__Aim of the task__: Before writing out the records, remove the pictures; keep everything else exact.

__Records shown__:
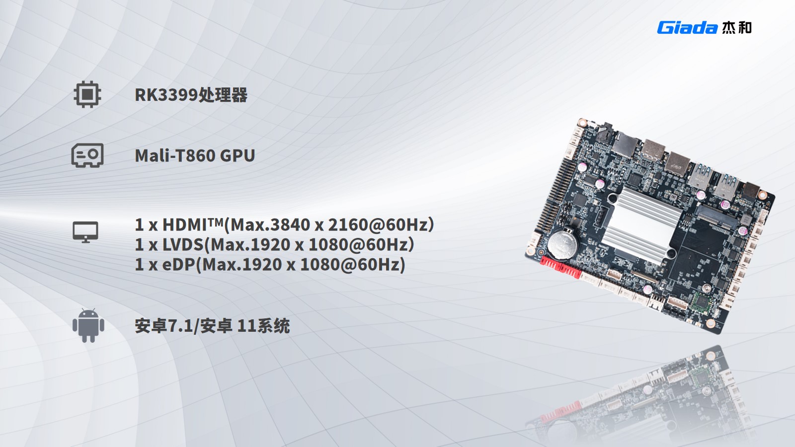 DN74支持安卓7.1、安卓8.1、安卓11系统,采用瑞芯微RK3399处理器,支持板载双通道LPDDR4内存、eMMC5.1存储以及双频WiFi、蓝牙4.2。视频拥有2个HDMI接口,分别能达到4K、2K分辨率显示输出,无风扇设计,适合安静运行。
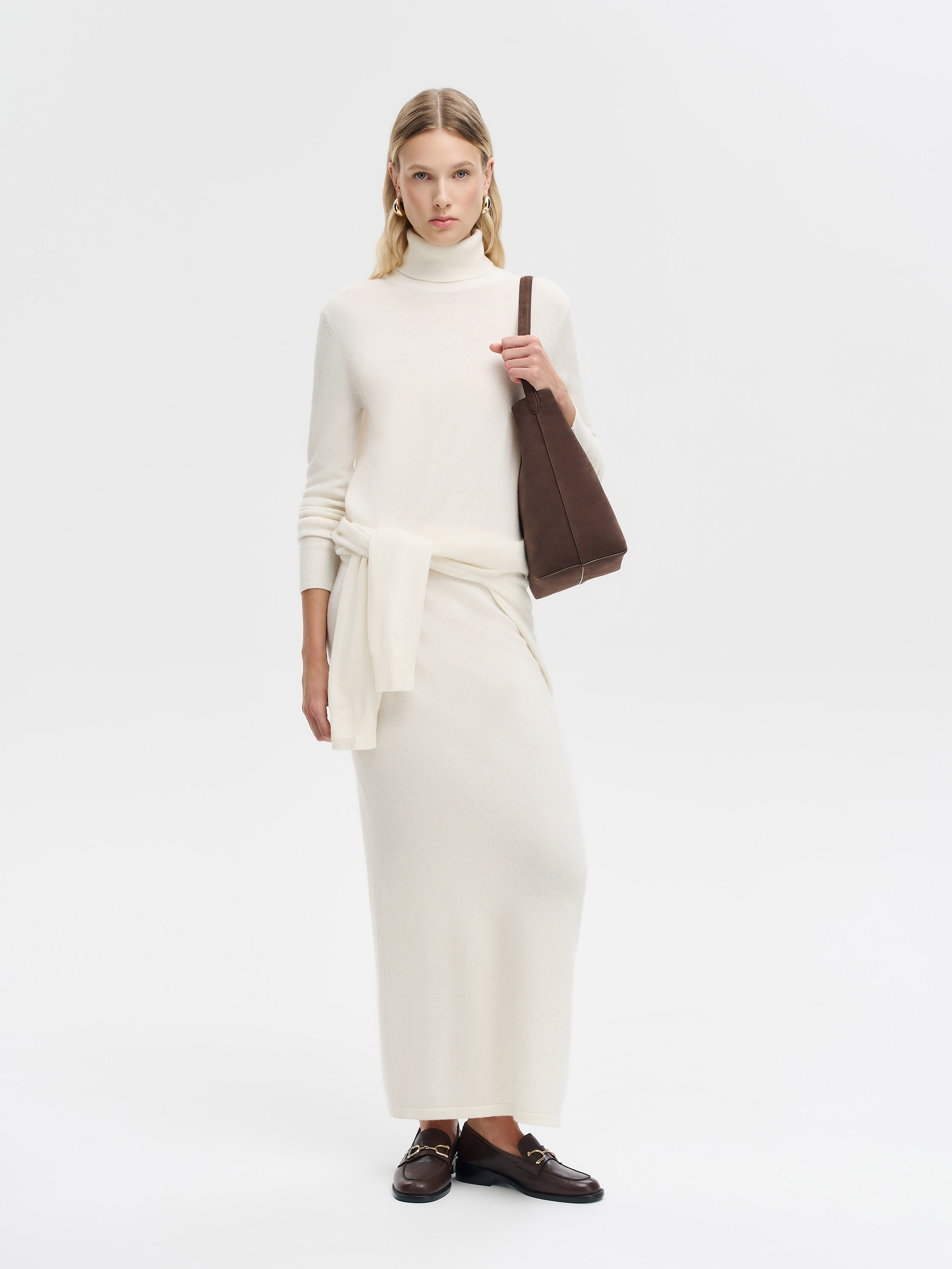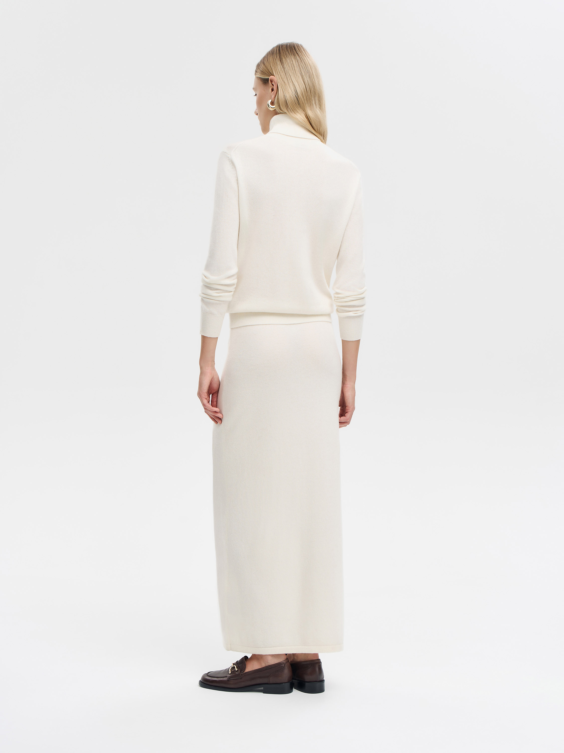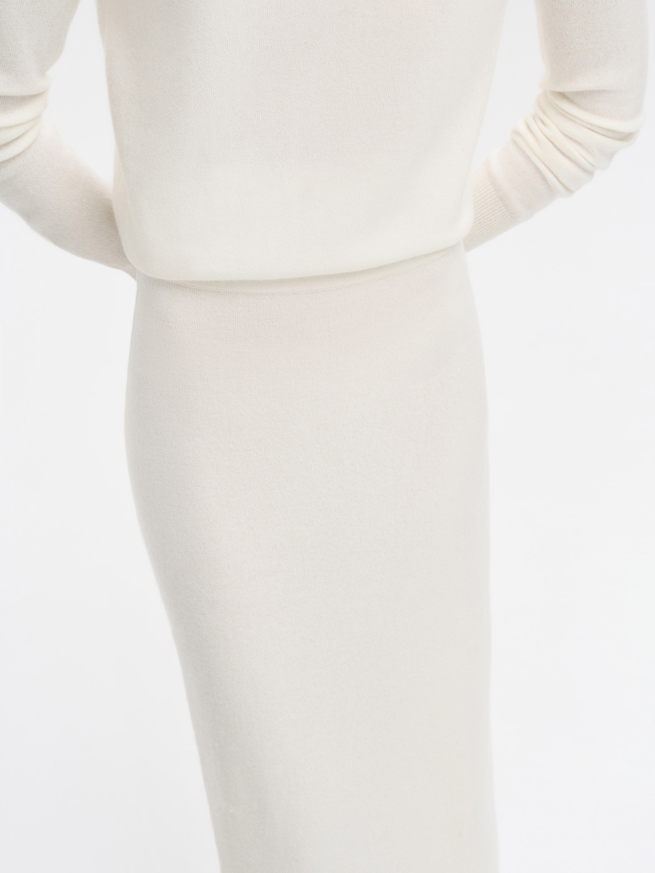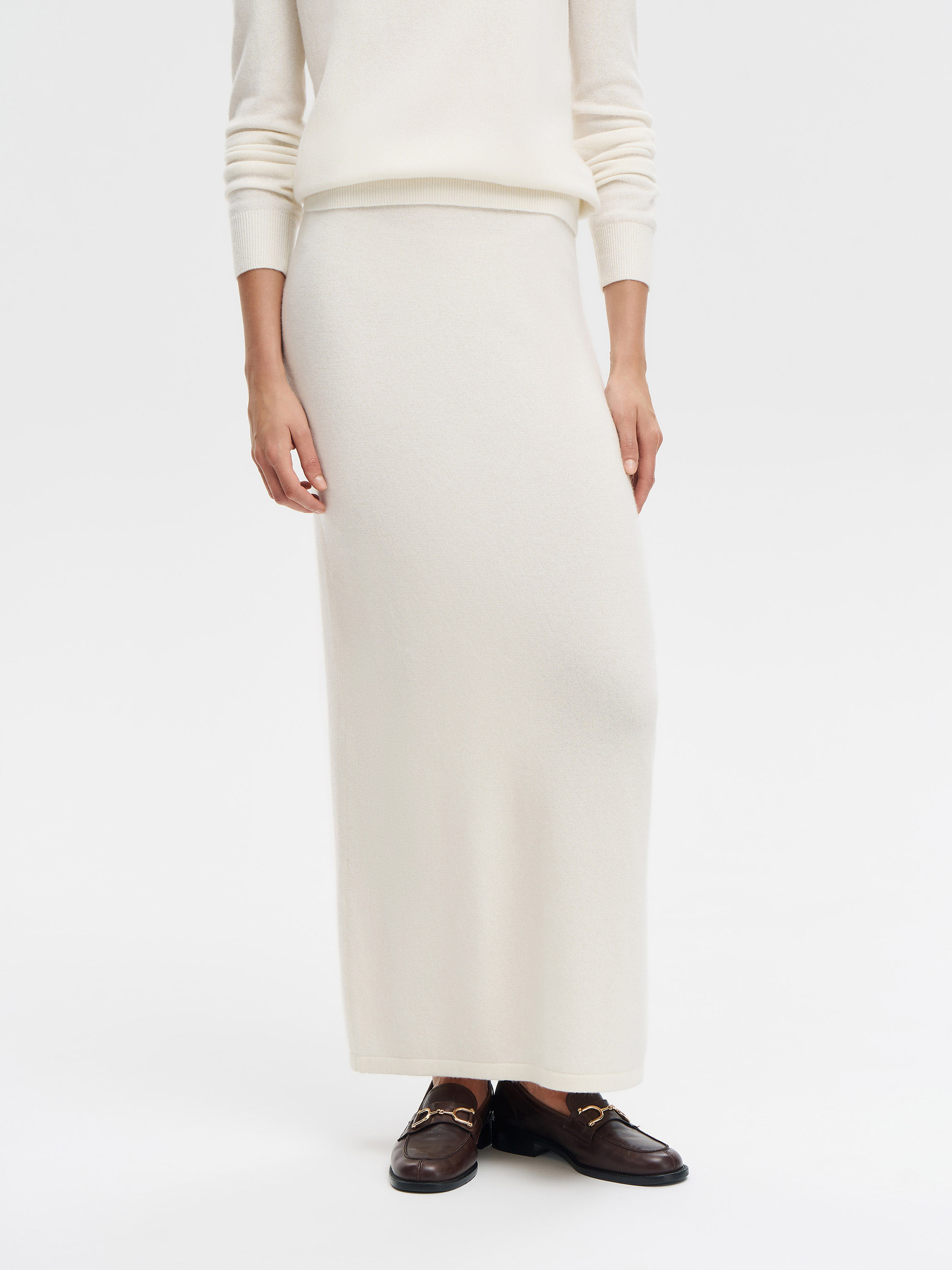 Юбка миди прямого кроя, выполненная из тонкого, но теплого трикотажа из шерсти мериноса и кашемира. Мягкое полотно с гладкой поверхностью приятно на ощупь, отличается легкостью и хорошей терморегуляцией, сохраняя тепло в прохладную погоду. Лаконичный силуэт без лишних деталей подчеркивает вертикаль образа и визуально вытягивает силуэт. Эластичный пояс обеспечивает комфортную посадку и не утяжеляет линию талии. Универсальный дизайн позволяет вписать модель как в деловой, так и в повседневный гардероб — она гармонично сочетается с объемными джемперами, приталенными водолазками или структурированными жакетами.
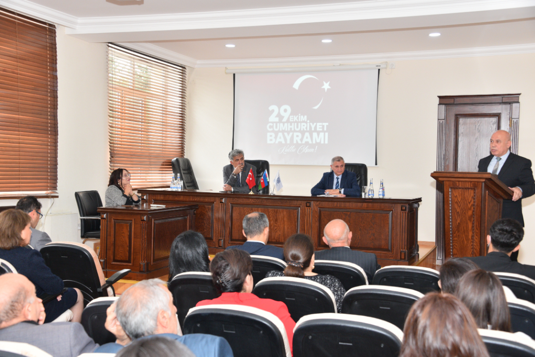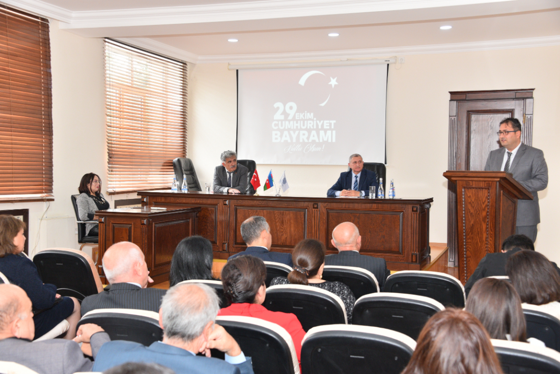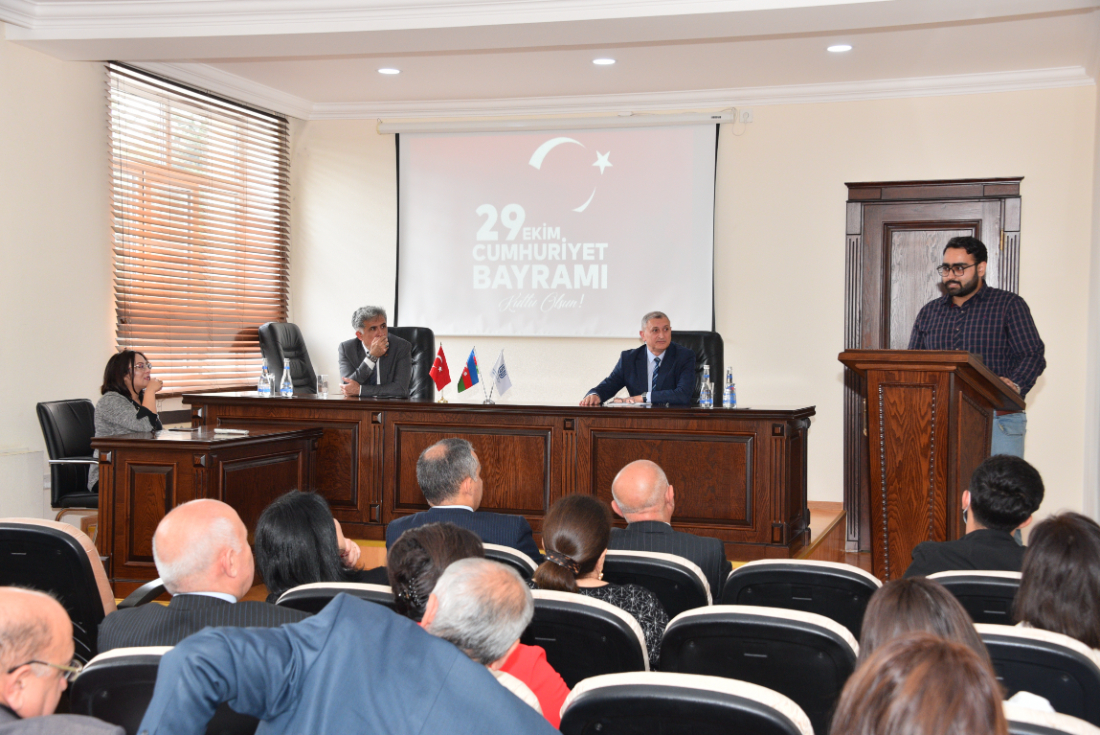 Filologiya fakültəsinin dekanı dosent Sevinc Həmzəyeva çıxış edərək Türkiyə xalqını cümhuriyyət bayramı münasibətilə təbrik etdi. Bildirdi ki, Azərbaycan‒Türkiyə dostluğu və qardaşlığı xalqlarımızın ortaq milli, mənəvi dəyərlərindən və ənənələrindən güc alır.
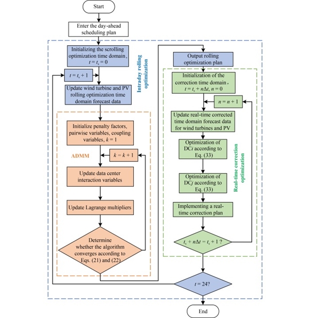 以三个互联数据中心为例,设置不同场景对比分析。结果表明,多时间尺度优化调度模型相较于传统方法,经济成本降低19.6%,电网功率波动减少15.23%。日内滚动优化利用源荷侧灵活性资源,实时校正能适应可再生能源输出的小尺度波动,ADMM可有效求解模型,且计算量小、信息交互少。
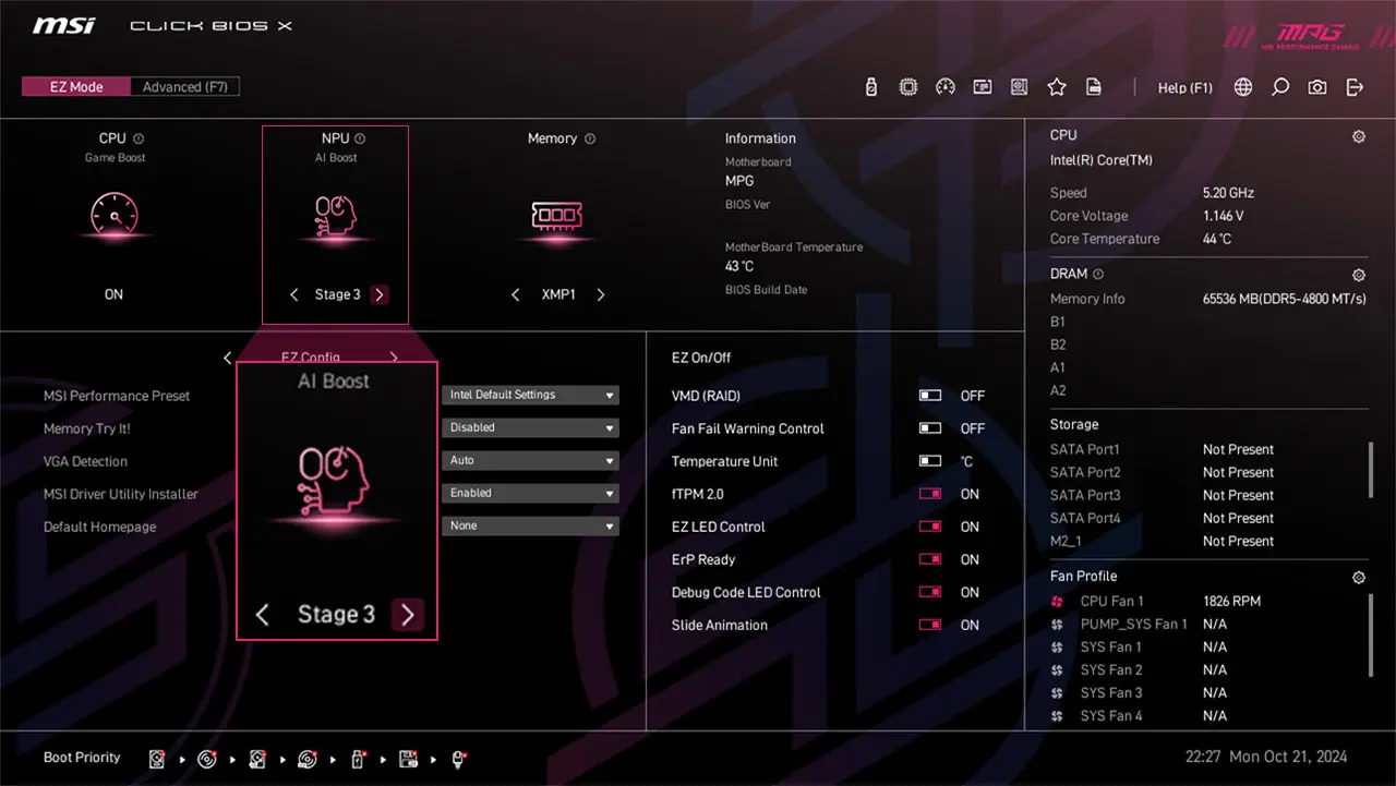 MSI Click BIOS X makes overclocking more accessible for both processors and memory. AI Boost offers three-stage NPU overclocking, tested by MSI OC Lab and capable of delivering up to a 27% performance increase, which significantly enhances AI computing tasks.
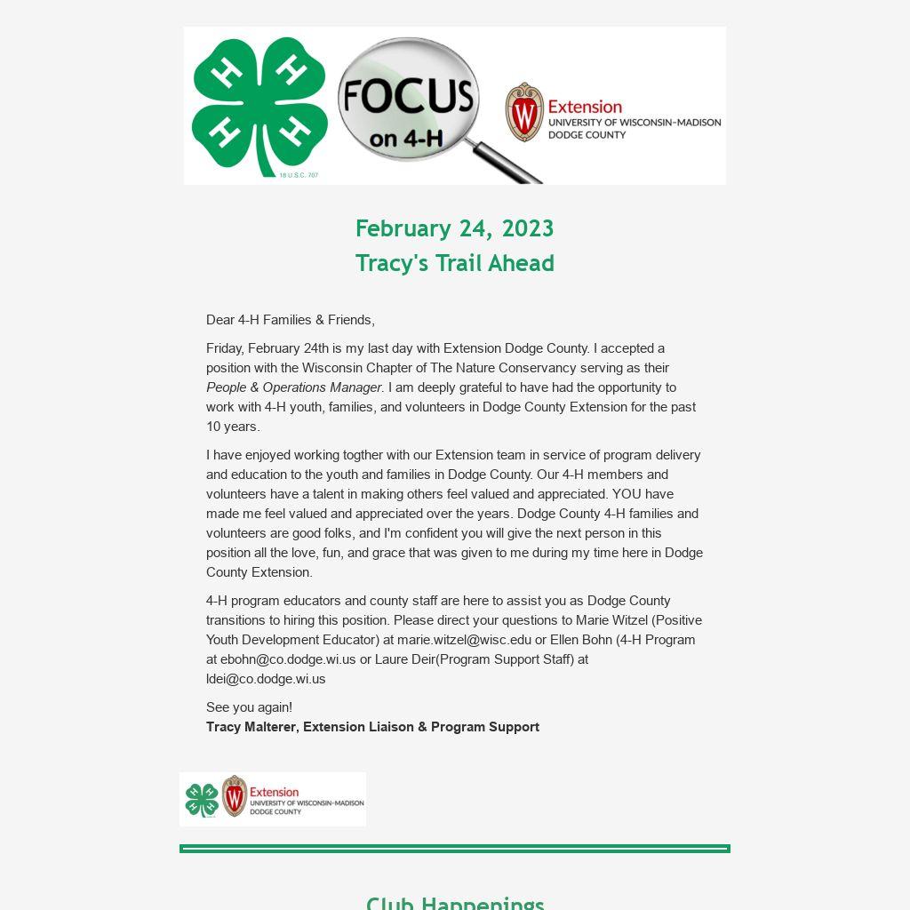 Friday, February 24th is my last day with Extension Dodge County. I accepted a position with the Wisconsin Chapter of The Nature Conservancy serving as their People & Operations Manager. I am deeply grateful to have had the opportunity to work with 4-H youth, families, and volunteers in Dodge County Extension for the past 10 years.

__Solution__:
 DN74支持安卓7.1、安卓8.1、安卓11系统,采用瑞芯微RK3399处理器,支持板载双通道LPDDR4内存、eMMC5.1存储以及双频WiFi、蓝牙4.2。视频拥有2个HDMI接口,分别能达到4K、2K分辨率显示输出,无风扇设计,适合安静运行。
 Юбка миди прямого кроя, выполненная из тонкого, но теплого трикотажа из шерсти мериноса и кашемира. Мягкое полотно с гладкой поверхностью приятно на ощупь, отличается легкостью и хорошей терморегуляцией, сохраняя тепло в прохладную погоду. Лаконичный силуэт без лишних деталей подчеркивает вертикаль образа и визуально вытягивает силуэт. Эластичный пояс обеспечивает комфортную посадку и не утяжеляет линию талии. Универсальный дизайн позволяет вписать модель как в деловой, так и в повседневный гардероб — она гармонично сочетается с объемными джемперами, приталенными водолазками или структурированными жакетами.
 Filologiya fakültəsinin dekanı dosent Sevinc Həmzəyeva çıxış edərək Türkiyə xalqını cümhuriyyət bayramı münasibətilə təbrik etdi. Bildirdi ki, Azərbaycan‒Türkiyə dostluğu və qardaşlığı xalqlarımızın ortaq milli, mənəvi dəyərlərindən və ənənələrindən güc alır.
 以三个互联数据中心为例,设置不同场景对比分析。结果表明,多时间尺度优化调度模型相较于传统方法,经济成本降低19.6%,电网功率波动减少15.23%。日内滚动优化利用源荷侧灵活性资源,实时校正能适应可再生能源输出的小尺度波动,ADMM可有效求解模型,且计算量小、信息交互少。
 MSI Click BIOS X makes overclocking more accessible for both processors and memory. AI Boost offers three-stage NPU overclocking, tested by MSI OC Lab and capable of delivering up to a 27% performance increase, which significantly enhances AI computing tasks.
 Friday, February 24th is my last day with Extension Dodge County. I accepted a position with the Wisconsin Chapter of The Nature Conservancy serving as their People & Operations Manager. I am deeply grateful to have had the opportunity to work with 4-H youth, families, and volunteers in Dodge County Extension for the past 10 years.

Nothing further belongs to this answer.